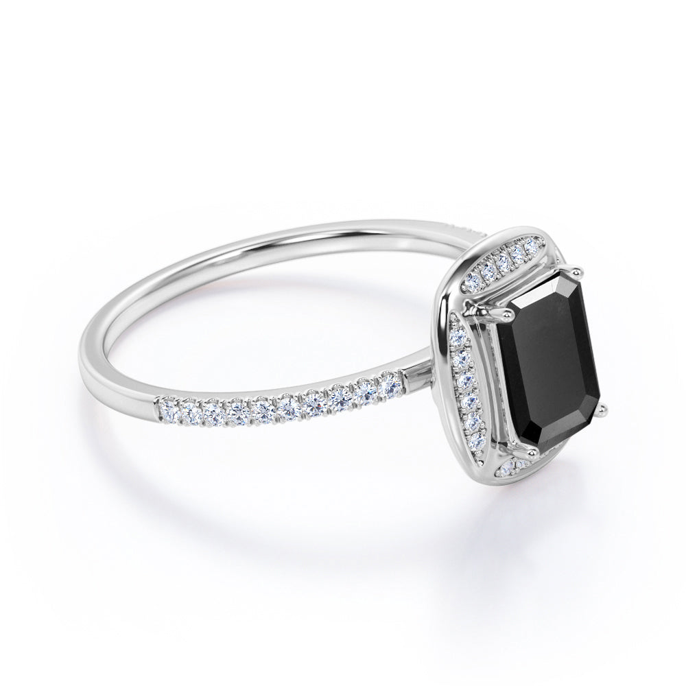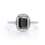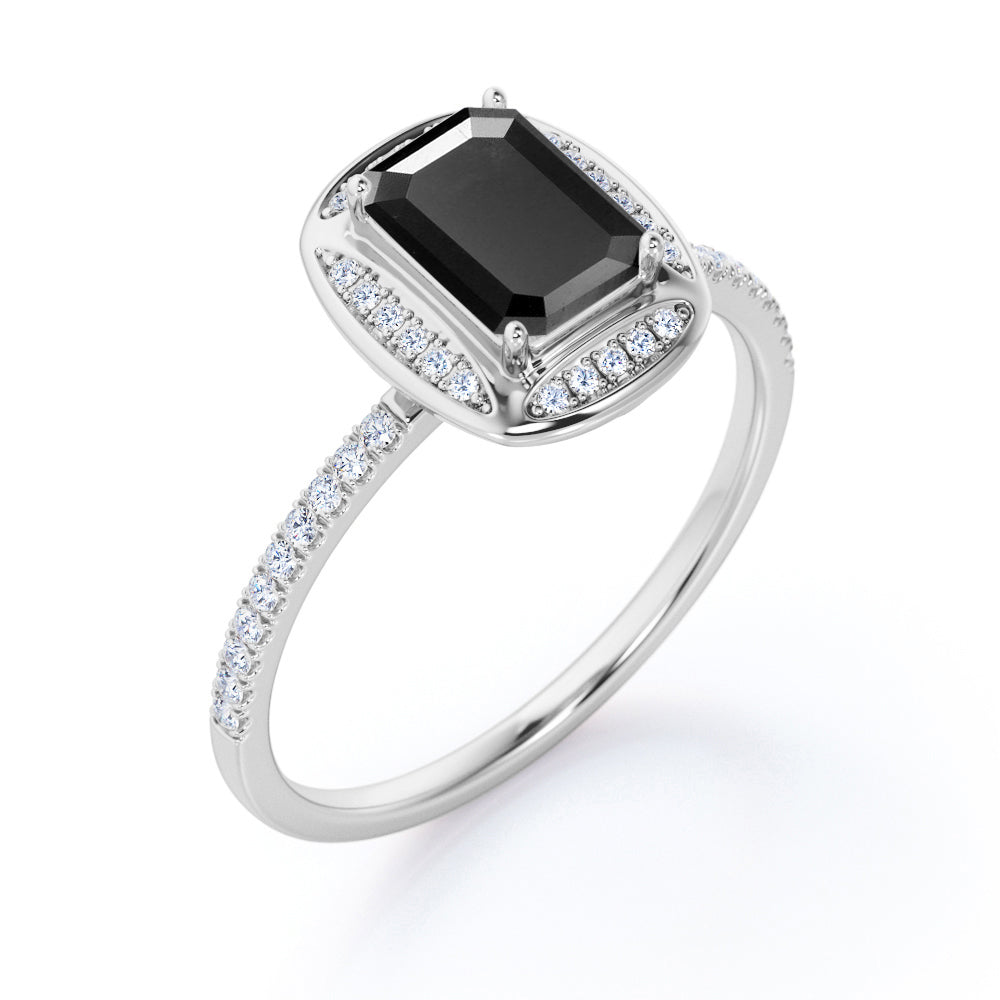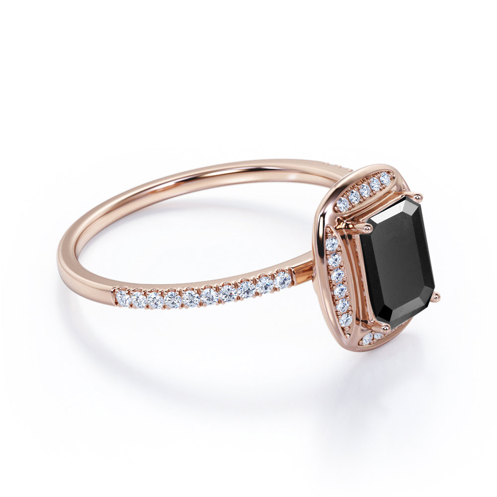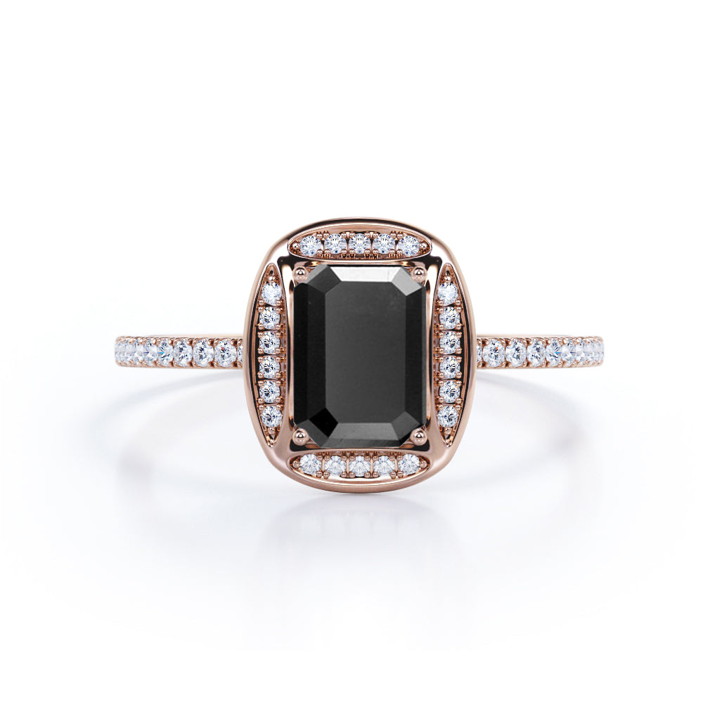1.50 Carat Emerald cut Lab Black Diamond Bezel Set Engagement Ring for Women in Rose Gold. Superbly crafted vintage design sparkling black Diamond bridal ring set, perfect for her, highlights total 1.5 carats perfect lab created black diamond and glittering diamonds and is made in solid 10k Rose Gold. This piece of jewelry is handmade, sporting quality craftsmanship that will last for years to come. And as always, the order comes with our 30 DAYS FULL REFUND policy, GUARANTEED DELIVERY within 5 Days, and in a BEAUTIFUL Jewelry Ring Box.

***

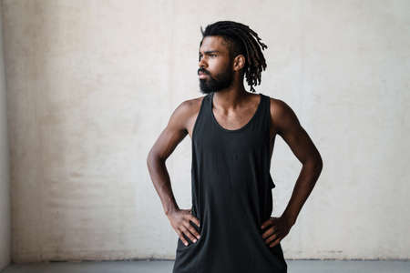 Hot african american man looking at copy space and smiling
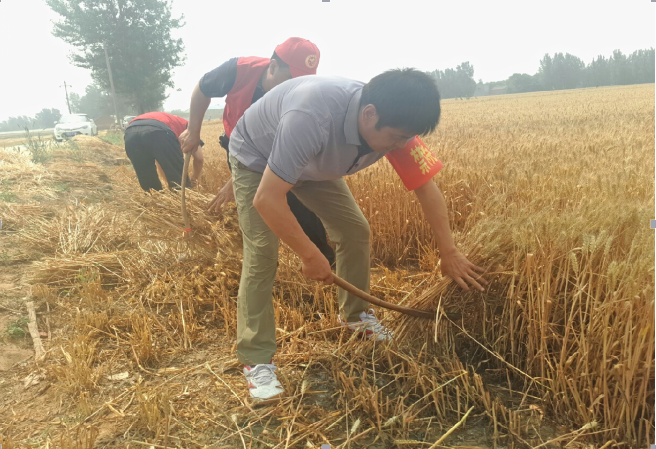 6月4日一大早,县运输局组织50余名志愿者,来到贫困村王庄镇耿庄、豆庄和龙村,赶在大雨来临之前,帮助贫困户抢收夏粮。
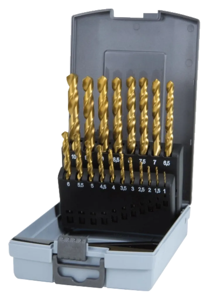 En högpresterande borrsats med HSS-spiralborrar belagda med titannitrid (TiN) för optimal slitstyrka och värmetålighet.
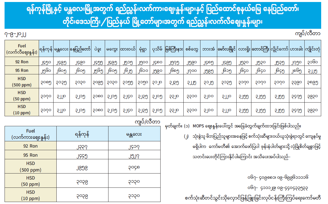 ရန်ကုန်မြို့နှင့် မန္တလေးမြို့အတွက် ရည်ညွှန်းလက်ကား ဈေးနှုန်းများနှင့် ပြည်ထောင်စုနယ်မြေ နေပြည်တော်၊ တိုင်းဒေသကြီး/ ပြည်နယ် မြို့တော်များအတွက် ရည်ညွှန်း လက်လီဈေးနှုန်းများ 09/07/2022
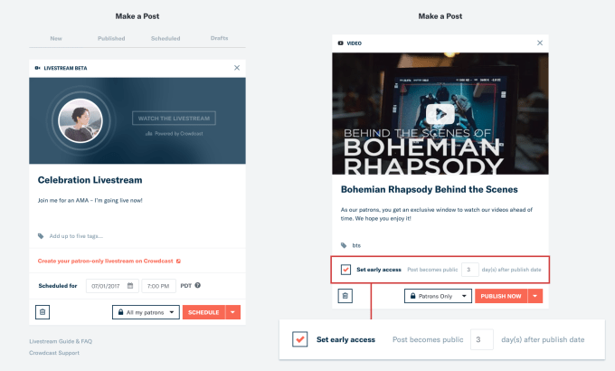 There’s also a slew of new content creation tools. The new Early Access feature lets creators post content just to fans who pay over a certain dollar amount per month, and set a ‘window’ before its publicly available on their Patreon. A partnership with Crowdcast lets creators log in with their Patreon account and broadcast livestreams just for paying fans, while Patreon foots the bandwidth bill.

***

#### EXERCISE INSTRUCTIONS:
Repeat exactly, and only, the entries from the line with "6月4日一大早,县运输局组织" through the line with "There’s also a". Pictures are skipped.

#### TASK SOLUTION:
 6月4日一大早,县运输局组织50余名志愿者,来到贫困村王庄镇耿庄、豆庄和龙村,赶在大雨来临之前,帮助贫困户抢收夏粮。
 En högpresterande borrsats med HSS-spiralborrar belagda med titannitrid (TiN) för optimal slitstyrka och värmetålighet.
 ရန်ကုန်မြို့နှင့် မန္တလေးမြို့အတွက် ရည်ညွှန်းလက်ကား ဈေးနှုန်းများနှင့် ပြည်ထောင်စုနယ်မြေ နေပြည်တော်၊ တိုင်းဒေသကြီး/ ပြည်နယ် မြို့တော်များအတွက် ရည်ညွှန်း လက်လီဈေးနှုန်းများ 09/07/2022
 There’s also a slew of new content creation tools. The new Early Access feature lets creators post content just to fans who pay over a certain dollar amount per month, and set a ‘window’ before its publicly available on their Patreon. A partnership with Crowdcast lets creators log in with their Patreon account and broadcast livestreams just for paying fans, while Patreon foots the bandwidth bill.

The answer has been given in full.